=== MATERIAL PROVIDED ===

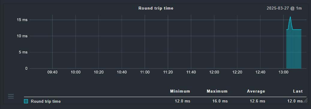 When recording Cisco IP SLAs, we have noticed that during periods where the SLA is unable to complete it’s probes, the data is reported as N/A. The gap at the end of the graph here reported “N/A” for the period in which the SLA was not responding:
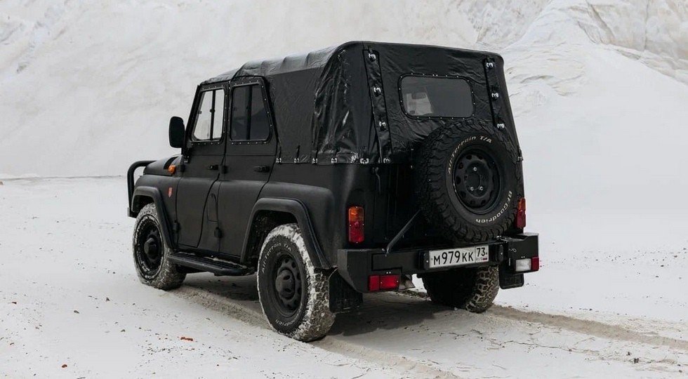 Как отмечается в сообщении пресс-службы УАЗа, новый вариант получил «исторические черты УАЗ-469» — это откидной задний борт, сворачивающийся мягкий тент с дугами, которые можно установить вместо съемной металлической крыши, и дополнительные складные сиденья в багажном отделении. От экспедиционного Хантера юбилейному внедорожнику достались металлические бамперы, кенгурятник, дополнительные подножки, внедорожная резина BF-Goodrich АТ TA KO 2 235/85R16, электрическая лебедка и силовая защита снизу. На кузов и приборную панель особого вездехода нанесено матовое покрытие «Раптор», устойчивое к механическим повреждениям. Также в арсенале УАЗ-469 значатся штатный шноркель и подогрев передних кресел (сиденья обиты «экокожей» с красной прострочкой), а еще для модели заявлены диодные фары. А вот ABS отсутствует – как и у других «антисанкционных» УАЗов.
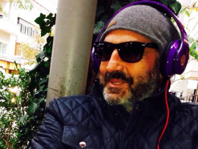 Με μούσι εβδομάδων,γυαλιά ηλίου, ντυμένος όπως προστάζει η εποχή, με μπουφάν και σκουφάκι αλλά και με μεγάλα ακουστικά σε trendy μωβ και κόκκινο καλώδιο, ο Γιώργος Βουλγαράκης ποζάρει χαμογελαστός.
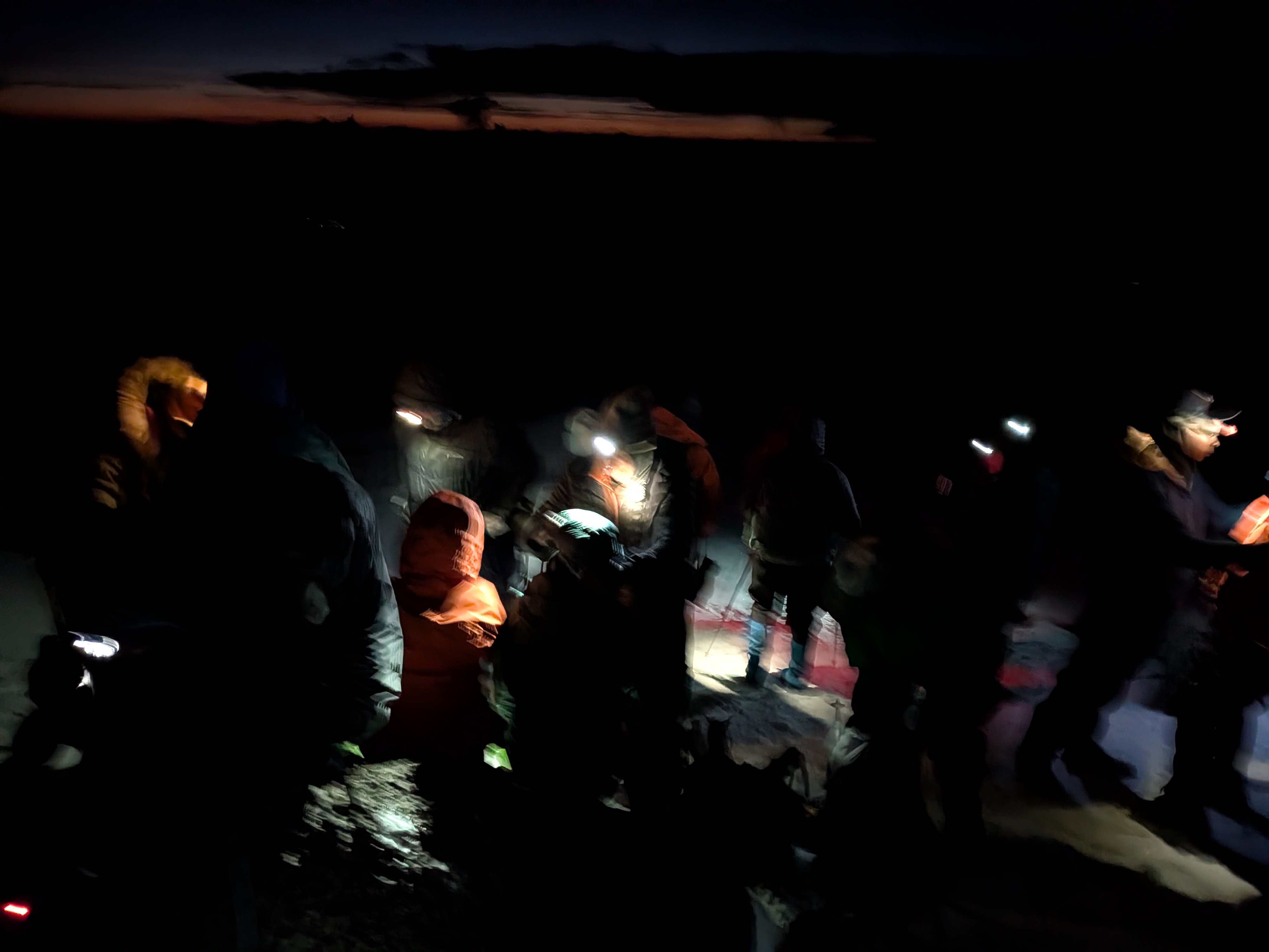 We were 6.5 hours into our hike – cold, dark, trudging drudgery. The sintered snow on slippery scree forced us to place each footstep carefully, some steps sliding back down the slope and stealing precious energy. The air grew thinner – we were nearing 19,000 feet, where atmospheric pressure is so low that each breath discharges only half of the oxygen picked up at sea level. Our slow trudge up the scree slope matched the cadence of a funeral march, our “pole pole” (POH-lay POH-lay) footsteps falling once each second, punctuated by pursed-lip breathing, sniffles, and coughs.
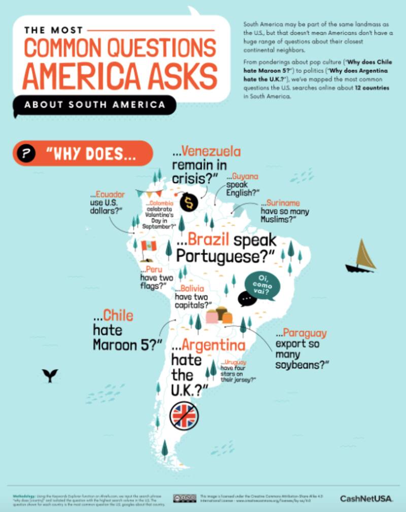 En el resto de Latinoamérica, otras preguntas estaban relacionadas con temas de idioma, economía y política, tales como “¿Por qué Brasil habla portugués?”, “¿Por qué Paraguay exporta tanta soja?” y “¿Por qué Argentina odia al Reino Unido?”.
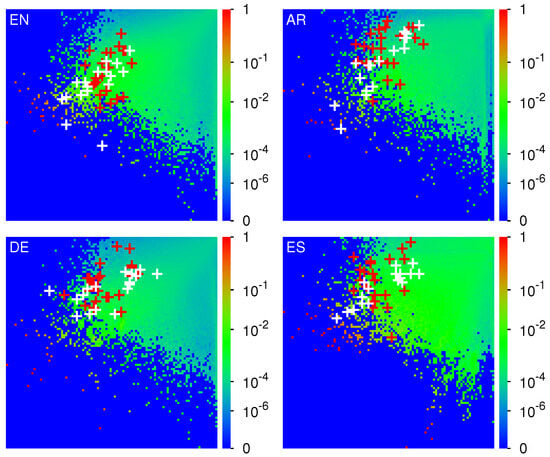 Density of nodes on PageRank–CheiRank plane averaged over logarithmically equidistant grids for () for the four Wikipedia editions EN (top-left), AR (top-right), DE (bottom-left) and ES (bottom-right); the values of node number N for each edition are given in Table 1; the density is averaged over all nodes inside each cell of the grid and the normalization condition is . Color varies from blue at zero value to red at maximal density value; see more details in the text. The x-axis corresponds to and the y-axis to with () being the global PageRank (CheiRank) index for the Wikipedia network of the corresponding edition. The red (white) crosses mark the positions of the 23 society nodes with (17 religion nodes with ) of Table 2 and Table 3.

===

> **DESCRIPTION OF THE TASK**
Output every entry exactly, leaving out pictures.

> **REPLY**
 When recording Cisco IP SLAs, we have noticed that during periods where the SLA is unable to complete it’s probes, the data is reported as N/A. The gap at the end of the graph here reported “N/A” for the period in which the SLA was not responding:
 Как отмечается в сообщении пресс-службы УАЗа, новый вариант получил «исторические черты УАЗ-469» — это откидной задний борт, сворачивающийся мягкий тент с дугами, которые можно установить вместо съемной металлической крыши, и дополнительные складные сиденья в багажном отделении. От экспедиционного Хантера юбилейному внедорожнику достались металлические бамперы, кенгурятник, дополнительные подножки, внедорожная резина BF-Goodrich АТ TA KO 2 235/85R16, электрическая лебедка и силовая защита снизу. На кузов и приборную панель особого вездехода нанесено матовое покрытие «Раптор», устойчивое к механическим повреждениям. Также в арсенале УАЗ-469 значатся штатный шноркель и подогрев передних кресел (сиденья обиты «экокожей» с красной прострочкой), а еще для модели заявлены диодные фары. А вот ABS отсутствует – как и у других «антисанкционных» УАЗов.
 Με μούσι εβδομάδων,γυαλιά ηλίου, ντυμένος όπως προστάζει η εποχή, με μπουφάν και σκουφάκι αλλά και με μεγάλα ακουστικά σε trendy μωβ και κόκκινο καλώδιο, ο Γιώργος Βουλγαράκης ποζάρει χαμογελαστός.
 We were 6.5 hours into our hike – cold, dark, trudging drudgery. The sintered snow on slippery scree forced us to place each footstep carefully, some steps sliding back down the slope and stealing precious energy. The air grew thinner – we were nearing 19,000 feet, where atmospheric pressure is so low that each breath discharges only half of the oxygen picked up at sea level. Our slow trudge up the scree slope matched the cadence of a funeral march, our “pole pole” (POH-lay POH-lay) footsteps falling once each second, punctuated by pursed-lip breathing, sniffles, and coughs.
 En el resto de Latinoamérica, otras preguntas estaban relacionadas con temas de idioma, economía y política, tales como “¿Por qué Brasil habla portugués?”, “¿Por qué Paraguay exporta tanta soja?” y “¿Por qué Argentina odia al Reino Unido?”.
 Density of nodes on PageRank–CheiRank plane averaged over logarithmically equidistant grids for () for the four Wikipedia editions EN (top-left), AR (top-right), DE (bottom-left) and ES (bottom-right); the values of node number N for each edition are given in Table 1; the density is averaged over all nodes inside each cell of the grid and the normalization condition is . Color varies from blue at zero value to red at maximal density value; see more details in the text. The x-axis corresponds to and the y-axis to with () being the global PageRank (CheiRank) index for the Wikipedia network of the corresponding edition. The red (white) crosses mark the positions of the 23 society nodes with (17 religion nodes with ) of Table 2 and Table 3.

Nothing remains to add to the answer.